*Try it:* Give back all of the data exactly, with every picture omitted.
(Data supplied Opens)
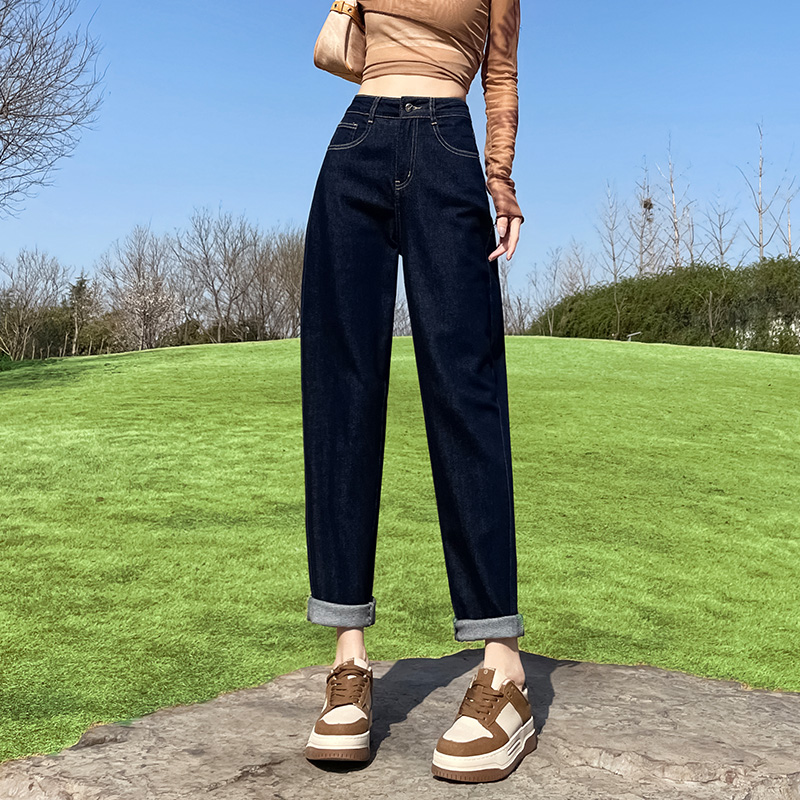 防褪色蓝色牛仔裤 女2025年高腰显瘦春秋冬加绒萝卜九分哈伦老爹裤
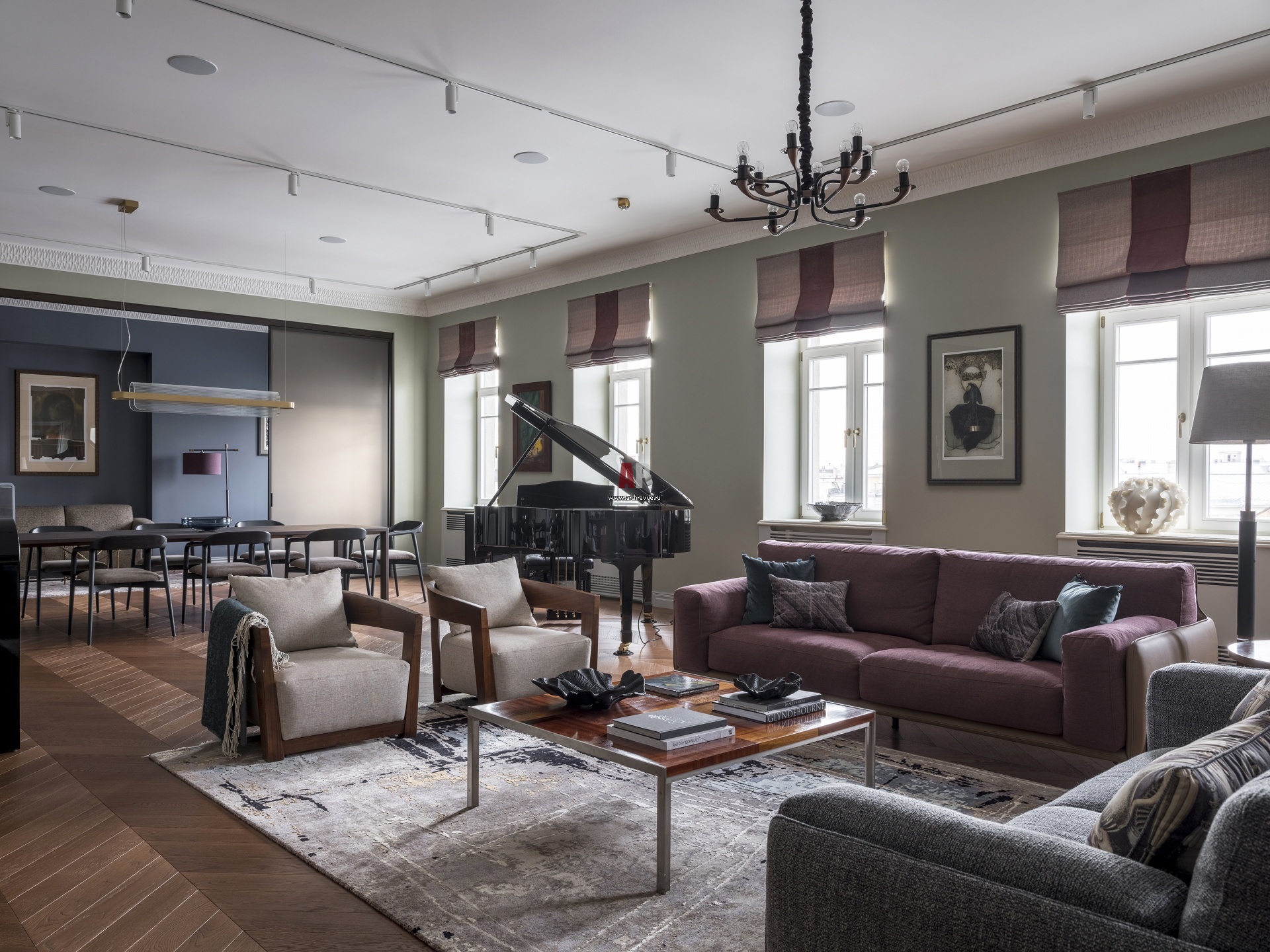 Парадная гостиная-салон занимает более половины квартиры. На полу – итальянский дубовый паркет Garbelotto, уложенный французской елкой. Стены выкрашены краской оливкового оттенка.
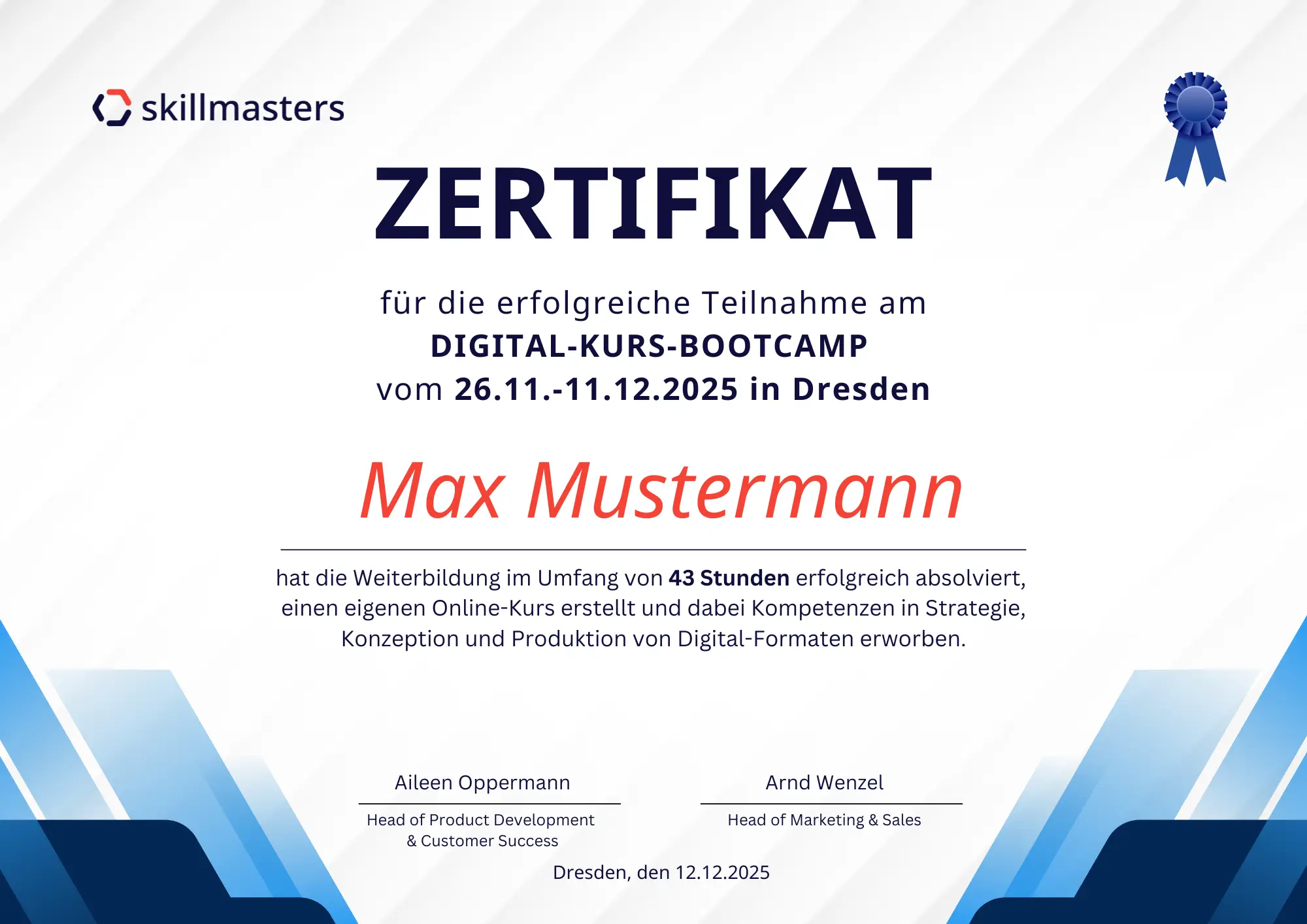 Unser nächstes Digital-Kurs-Bootcamp findet vom 4. bis 7. Dezember 2025 in Dresden statt.
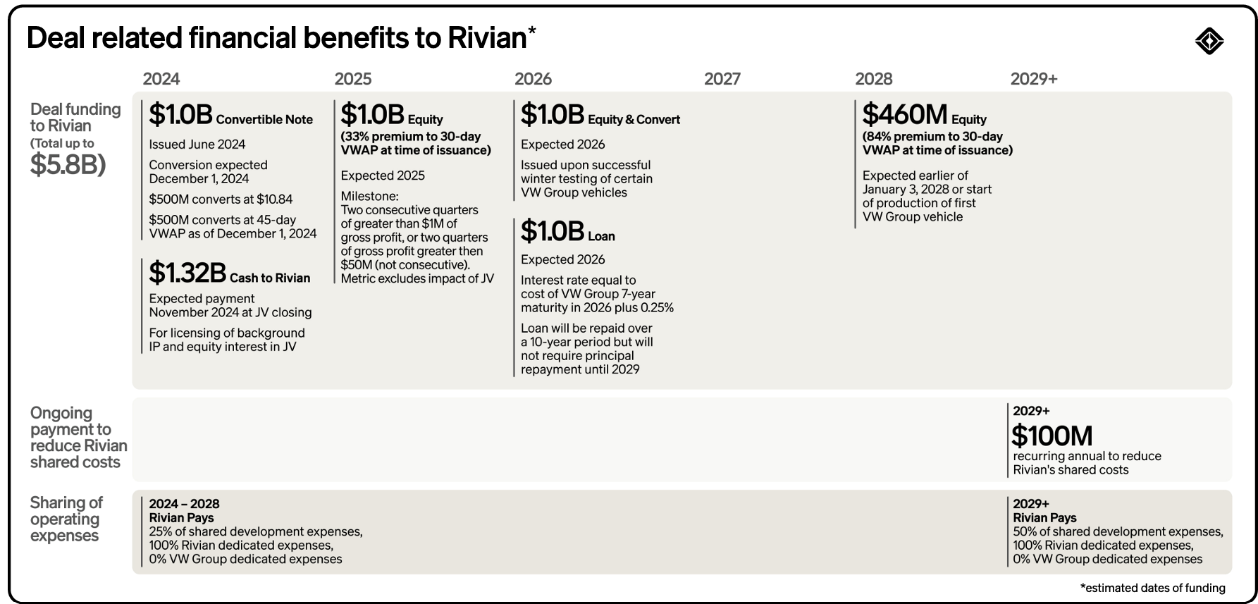 2) An 84pc premium over the 30-day VWAP on a $460mn investment into Rivian equity at the earlier of January 2028 or first production of a saleable Volkswagen vehicle using the JV’s technology.
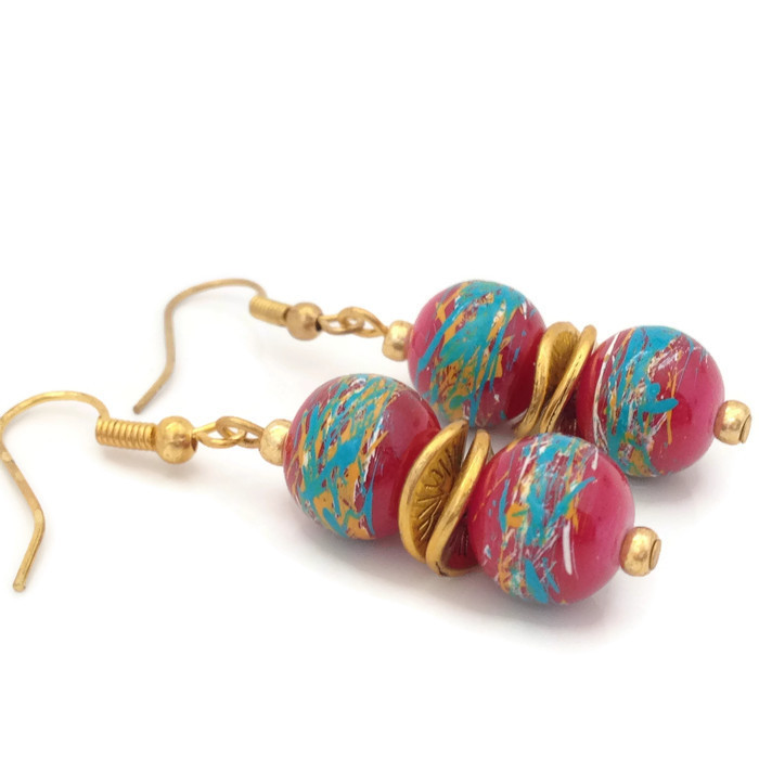 I have used two of the beads in each of the earrings with the gold plated wavy spacer beads in the middle. Each earring has been attached to s gold plated ear wire and has a drop of approximately 3cm (1 3/16") from the bottom of the ear wire.
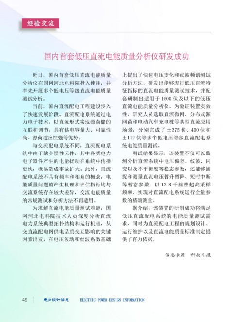 49 电力设计信息 ELECTRIC POWER DESIGN INFORMATION ELECTRIC POWER DESIGN INFORMATION 电力设计信息 50
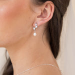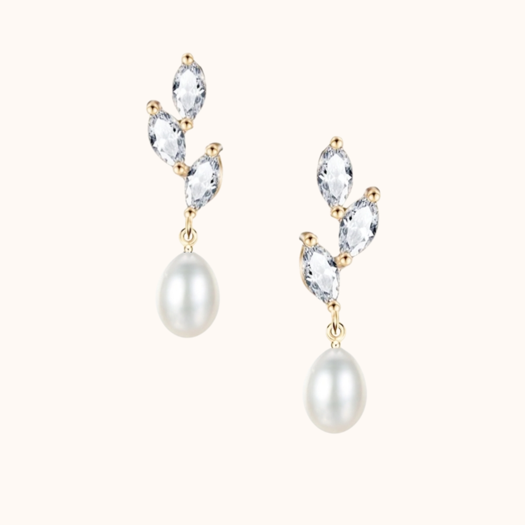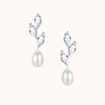 Soft, romantic, and effortlessly elegant - our Layla Pearl Drop Earrings are designed to shine on your most unforgettable moments. Featuring a delicate trio of marquise-cut crystals arranged in a graceful leaf-inspired pattern, each earring is finished with a luminous teardrop pearl that adds timeless bridal sophistication.
(Data supplied Closes)
*Response box:*
 防褪色蓝色牛仔裤 女2025年高腰显瘦春秋冬加绒萝卜九分哈伦老爹裤
 Парадная гостиная-салон занимает более половины квартиры. На полу – итальянский дубовый паркет Garbelotto, уложенный французской елкой. Стены выкрашены краской оливкового оттенка.
 Unser nächstes Digital-Kurs-Bootcamp findet vom 4. bis 7. Dezember 2025 in Dresden statt.
 2) An 84pc premium over the 30-day VWAP on a $460mn investment into Rivian equity at the earlier of January 2028 or first production of a saleable Volkswagen vehicle using the JV’s technology.
 I have used two of the beads in each of the earrings with the gold plated wavy spacer beads in the middle. Each earring has been attached to s gold plated ear wire and has a drop of approximately 3cm (1 3/16") from the bottom of the ear wire.
 49 电力设计信息 ELECTRIC POWER DESIGN INFORMATION ELECTRIC POWER DESIGN INFORMATION 电力设计信息 50
 Soft, romantic, and effortlessly elegant - our Layla Pearl Drop Earrings are designed to shine on your most unforgettable moments. Featuring a delicate trio of marquise-cut crystals arranged in a graceful leaf-inspired pattern, each earring is finished with a luminous teardrop pearl that adds timeless bridal sophistication.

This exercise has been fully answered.